**WHAT THE TASK ASKS**
Could you repeat the whole listing below exactly as it stands?

**INPUT DATA**
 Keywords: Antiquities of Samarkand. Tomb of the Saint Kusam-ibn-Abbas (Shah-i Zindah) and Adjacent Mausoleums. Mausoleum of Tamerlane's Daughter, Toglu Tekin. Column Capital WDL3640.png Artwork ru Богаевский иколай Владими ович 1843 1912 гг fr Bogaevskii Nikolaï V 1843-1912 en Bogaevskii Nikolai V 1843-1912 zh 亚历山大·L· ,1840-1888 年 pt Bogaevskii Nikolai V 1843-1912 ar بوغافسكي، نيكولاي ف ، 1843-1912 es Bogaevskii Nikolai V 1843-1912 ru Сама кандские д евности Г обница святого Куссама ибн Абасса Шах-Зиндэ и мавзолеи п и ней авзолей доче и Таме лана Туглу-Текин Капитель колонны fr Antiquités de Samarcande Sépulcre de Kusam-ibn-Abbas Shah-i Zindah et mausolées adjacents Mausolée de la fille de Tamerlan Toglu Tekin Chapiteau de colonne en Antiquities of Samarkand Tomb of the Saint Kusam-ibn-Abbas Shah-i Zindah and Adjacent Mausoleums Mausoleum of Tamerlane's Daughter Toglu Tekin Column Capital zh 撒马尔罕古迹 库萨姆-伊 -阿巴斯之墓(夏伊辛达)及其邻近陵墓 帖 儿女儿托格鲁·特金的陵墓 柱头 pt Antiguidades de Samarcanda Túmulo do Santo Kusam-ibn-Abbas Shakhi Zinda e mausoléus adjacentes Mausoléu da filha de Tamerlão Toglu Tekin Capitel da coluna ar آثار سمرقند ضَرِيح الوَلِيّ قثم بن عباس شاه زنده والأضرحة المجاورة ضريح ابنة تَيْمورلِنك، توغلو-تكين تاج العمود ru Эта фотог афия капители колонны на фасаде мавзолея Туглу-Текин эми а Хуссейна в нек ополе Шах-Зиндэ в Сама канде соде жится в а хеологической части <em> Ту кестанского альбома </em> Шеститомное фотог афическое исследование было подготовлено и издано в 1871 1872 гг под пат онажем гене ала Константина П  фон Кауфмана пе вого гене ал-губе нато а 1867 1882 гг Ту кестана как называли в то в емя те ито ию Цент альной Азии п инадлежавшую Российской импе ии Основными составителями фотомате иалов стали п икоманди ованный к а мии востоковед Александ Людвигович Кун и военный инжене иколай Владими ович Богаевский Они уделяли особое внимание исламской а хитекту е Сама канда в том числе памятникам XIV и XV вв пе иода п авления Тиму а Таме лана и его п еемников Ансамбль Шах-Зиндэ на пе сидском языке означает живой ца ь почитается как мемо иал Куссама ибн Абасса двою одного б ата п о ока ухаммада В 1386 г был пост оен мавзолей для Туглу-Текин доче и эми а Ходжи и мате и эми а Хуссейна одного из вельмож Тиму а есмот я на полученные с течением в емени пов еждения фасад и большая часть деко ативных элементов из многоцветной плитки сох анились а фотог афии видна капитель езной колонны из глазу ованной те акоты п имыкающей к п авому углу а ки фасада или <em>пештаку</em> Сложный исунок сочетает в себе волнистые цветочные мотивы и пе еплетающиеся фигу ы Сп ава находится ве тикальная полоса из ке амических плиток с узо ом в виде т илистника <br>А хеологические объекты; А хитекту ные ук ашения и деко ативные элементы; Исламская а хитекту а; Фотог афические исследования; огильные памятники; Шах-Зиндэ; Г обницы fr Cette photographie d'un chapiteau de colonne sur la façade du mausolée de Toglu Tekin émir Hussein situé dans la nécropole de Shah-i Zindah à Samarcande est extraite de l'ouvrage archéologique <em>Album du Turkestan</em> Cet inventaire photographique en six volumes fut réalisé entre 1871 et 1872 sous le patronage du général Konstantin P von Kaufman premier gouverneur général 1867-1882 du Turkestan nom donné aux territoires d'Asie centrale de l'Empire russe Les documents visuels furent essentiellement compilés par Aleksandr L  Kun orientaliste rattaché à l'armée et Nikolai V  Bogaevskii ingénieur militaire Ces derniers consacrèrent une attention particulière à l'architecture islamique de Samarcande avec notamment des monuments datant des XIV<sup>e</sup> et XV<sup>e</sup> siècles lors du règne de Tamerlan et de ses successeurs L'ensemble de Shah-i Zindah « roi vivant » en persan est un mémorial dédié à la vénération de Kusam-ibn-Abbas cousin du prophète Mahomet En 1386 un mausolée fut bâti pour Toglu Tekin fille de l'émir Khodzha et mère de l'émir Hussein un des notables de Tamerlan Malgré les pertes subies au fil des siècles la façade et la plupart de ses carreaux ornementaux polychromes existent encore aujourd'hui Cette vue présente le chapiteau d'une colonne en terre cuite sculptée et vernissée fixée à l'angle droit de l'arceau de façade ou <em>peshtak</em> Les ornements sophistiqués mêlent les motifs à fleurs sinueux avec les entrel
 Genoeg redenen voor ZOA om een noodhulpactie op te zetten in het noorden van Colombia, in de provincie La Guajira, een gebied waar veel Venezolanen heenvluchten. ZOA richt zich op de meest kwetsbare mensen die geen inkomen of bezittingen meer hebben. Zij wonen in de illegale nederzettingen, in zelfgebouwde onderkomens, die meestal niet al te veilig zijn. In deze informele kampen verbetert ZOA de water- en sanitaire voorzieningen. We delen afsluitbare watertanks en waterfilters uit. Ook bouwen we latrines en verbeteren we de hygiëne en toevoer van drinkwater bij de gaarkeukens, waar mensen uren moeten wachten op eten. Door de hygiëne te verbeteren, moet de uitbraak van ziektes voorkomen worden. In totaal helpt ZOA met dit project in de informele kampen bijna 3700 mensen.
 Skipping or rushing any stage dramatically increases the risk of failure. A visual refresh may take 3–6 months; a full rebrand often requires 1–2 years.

**TASK RESPONSE**
 Keywords: Antiquities of Samarkand. Tomb of the Saint Kusam-ibn-Abbas (Shah-i Zindah) and Adjacent Mausoleums. Mausoleum of Tamerlane's Daughter, Toglu Tekin. Column Capital WDL3640.png Artwork ru Богаевский иколай Владими ович 1843 1912 гг fr Bogaevskii Nikolaï V 1843-1912 en Bogaevskii Nikolai V 1843-1912 zh 亚历山大·L· ,1840-1888 年 pt Bogaevskii Nikolai V 1843-1912 ar بوغافسكي، نيكولاي ف ، 1843-1912 es Bogaevskii Nikolai V 1843-1912 ru Сама кандские д евности Г обница святого Куссама ибн Абасса Шах-Зиндэ и мавзолеи п и ней авзолей доче и Таме лана Туглу-Текин Капитель колонны fr Antiquités de Samarcande Sépulcre de Kusam-ibn-Abbas Shah-i Zindah et mausolées adjacents Mausolée de la fille de Tamerlan Toglu Tekin Chapiteau de colonne en Antiquities of Samarkand Tomb of the Saint Kusam-ibn-Abbas Shah-i Zindah and Adjacent Mausoleums Mausoleum of Tamerlane's Daughter Toglu Tekin Column Capital zh 撒马尔罕古迹 库萨姆-伊 -阿巴斯之墓(夏伊辛达)及其邻近陵墓 帖 儿女儿托格鲁·特金的陵墓 柱头 pt Antiguidades de Samarcanda Túmulo do Santo Kusam-ibn-Abbas Shakhi Zinda e mausoléus adjacentes Mausoléu da filha de Tamerlão Toglu Tekin Capitel da coluna ar آثار سمرقند ضَرِيح الوَلِيّ قثم بن عباس شاه زنده والأضرحة المجاورة ضريح ابنة تَيْمورلِنك، توغلو-تكين تاج العمود ru Эта фотог афия капители колонны на фасаде мавзолея Туглу-Текин эми а Хуссейна в нек ополе Шах-Зиндэ в Сама канде соде жится в а хеологической части <em> Ту кестанского альбома </em> Шеститомное фотог афическое исследование было подготовлено и издано в 1871 1872 гг под пат онажем гене ала Константина П  фон Кауфмана пе вого гене ал-губе нато а 1867 1882 гг Ту кестана как называли в то в емя те ито ию Цент альной Азии п инадлежавшую Российской импе ии Основными составителями фотомате иалов стали п икоманди ованный к а мии востоковед Александ Людвигович Кун и военный инжене иколай Владими ович Богаевский Они уделяли особое внимание исламской а хитекту е Сама канда в том числе памятникам XIV и XV вв пе иода п авления Тиму а Таме лана и его п еемников Ансамбль Шах-Зиндэ на пе сидском языке означает живой ца ь почитается как мемо иал Куссама ибн Абасса двою одного б ата п о ока ухаммада В 1386 г был пост оен мавзолей для Туглу-Текин доче и эми а Ходжи и мате и эми а Хуссейна одного из вельмож Тиму а есмот я на полученные с течением в емени пов еждения фасад и большая часть деко ативных элементов из многоцветной плитки сох анились а фотог афии видна капитель езной колонны из глазу ованной те акоты п имыкающей к п авому углу а ки фасада или <em>пештаку</em> Сложный исунок сочетает в себе волнистые цветочные мотивы и пе еплетающиеся фигу ы Сп ава находится ве тикальная полоса из ке амических плиток с узо ом в виде т илистника <br>А хеологические объекты; А хитекту ные ук ашения и деко ативные элементы; Исламская а хитекту а; Фотог афические исследования; огильные памятники; Шах-Зиндэ; Г обницы fr Cette photographie d'un chapiteau de colonne sur la façade du mausolée de Toglu Tekin émir Hussein situé dans la nécropole de Shah-i Zindah à Samarcande est extraite de l'ouvrage archéologique <em>Album du Turkestan</em> Cet inventaire photographique en six volumes fut réalisé entre 1871 et 1872 sous le patronage du général Konstantin P von Kaufman premier gouverneur général 1867-1882 du Turkestan nom donné aux territoires d'Asie centrale de l'Empire russe Les documents visuels furent essentiellement compilés par Aleksandr L  Kun orientaliste rattaché à l'armée et Nikolai V  Bogaevskii ingénieur militaire Ces derniers consacrèrent une attention particulière à l'architecture islamique de Samarcande avec notamment des monuments datant des XIV<sup>e</sup> et XV<sup>e</sup> siècles lors du règne de Tamerlan et de ses successeurs L'ensemble de Shah-i Zindah « roi vivant » en persan est un mémorial dédié à la vénération de Kusam-ibn-Abbas cousin du prophète Mahomet En 1386 un mausolée fut bâti pour Toglu Tekin fille de l'émir Khodzha et mère de l'émir Hussein un des notables de Tamerlan Malgré les pertes subies au fil des siècles la façade et la plupart de ses carreaux ornementaux polychromes existent encore aujourd'hui Cette vue présente le chapiteau d'une colonne en terre cuite sculptée et vernissée fixée à l'angle droit de l'arceau de façade ou <em>peshtak</em> Les ornements sophistiqués mêlent les motifs à fleurs sinueux avec les entrel
 Genoeg redenen voor ZOA om een noodhulpactie op te zetten in het noorden van Colombia, in de provincie La Guajira, een gebied waar veel Venezolanen heenvluchten. ZOA richt zich op de meest kwetsbare mensen die geen inkomen of bezittingen meer hebben. Zij wonen in de illegale nederzettingen, in zelfgebouwde onderkomens, die meestal niet al te veilig zijn. In deze informele kampen verbetert ZOA de water- en sanitaire voorzieningen. We delen afsluitbare watertanks en waterfilters uit. Ook bouwen we latrines en verbeteren we de hygiëne en toevoer van drinkwater bij de gaarkeukens, waar mensen uren moeten wachten op eten. Door de hygiëne te verbeteren, moet de uitbraak van ziektes voorkomen worden. In totaal helpt ZOA met dit project in de informele kampen bijna 3700 mensen.
 Skipping or rushing any stage dramatically increases the risk of failure. A visual refresh may take 3–6 months; a full rebrand often requires 1–2 years.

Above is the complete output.